▶ Work to complete
Below are the records; copy exactly the stretch from the line containing "Ajoutez également le" through the line containing "Single Pair Ethernet", both ends included, and nothing else.

***

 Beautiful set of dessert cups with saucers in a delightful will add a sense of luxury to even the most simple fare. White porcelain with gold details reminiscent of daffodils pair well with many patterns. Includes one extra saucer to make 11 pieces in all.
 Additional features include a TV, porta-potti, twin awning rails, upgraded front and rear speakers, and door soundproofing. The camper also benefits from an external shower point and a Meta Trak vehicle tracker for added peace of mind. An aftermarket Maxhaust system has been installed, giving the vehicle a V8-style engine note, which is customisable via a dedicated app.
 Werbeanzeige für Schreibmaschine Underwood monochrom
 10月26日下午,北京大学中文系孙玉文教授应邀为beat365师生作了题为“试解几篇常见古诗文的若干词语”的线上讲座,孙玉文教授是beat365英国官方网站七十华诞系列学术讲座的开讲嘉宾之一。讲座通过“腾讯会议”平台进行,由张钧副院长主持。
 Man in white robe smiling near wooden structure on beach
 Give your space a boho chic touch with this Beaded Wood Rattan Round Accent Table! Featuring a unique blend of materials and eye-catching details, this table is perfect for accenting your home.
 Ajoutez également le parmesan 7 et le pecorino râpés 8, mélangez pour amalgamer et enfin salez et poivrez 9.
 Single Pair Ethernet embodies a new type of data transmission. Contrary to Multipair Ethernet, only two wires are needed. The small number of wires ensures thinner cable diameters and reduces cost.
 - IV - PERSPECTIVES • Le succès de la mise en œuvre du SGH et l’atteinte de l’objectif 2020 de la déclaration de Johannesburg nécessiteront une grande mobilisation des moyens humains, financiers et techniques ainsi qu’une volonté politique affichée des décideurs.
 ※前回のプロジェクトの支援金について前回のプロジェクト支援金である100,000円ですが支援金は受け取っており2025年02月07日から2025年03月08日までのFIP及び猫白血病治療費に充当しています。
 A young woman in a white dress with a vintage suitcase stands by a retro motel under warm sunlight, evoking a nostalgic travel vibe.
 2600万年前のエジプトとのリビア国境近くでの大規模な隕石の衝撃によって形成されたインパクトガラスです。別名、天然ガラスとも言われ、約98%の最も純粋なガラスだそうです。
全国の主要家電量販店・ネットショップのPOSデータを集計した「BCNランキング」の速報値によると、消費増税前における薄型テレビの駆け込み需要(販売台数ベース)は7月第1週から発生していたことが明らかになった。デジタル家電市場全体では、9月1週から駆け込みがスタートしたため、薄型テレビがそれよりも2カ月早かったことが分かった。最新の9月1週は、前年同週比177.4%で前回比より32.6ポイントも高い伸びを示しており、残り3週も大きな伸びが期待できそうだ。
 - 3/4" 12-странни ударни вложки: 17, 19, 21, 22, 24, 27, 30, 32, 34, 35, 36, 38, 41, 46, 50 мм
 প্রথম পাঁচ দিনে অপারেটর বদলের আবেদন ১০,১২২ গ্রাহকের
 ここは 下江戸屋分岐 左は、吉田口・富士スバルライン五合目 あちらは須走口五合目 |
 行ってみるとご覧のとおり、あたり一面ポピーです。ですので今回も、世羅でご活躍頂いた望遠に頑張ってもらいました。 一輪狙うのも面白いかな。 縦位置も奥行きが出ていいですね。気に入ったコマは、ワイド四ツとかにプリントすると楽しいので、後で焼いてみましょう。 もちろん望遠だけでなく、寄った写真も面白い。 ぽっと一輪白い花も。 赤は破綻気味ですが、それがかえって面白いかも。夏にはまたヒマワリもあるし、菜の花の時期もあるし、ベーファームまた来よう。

***

▶ Exercise solution
 Ajoutez également le parmesan 7 et le pecorino râpés 8, mélangez pour amalgamer et enfin salez et poivrez 9.
 Single Pair Ethernet embodies a new type of data transmission. Contrary to Multipair Ethernet, only two wires are needed. The small number of wires ensures thinner cable diameters and reduces cost.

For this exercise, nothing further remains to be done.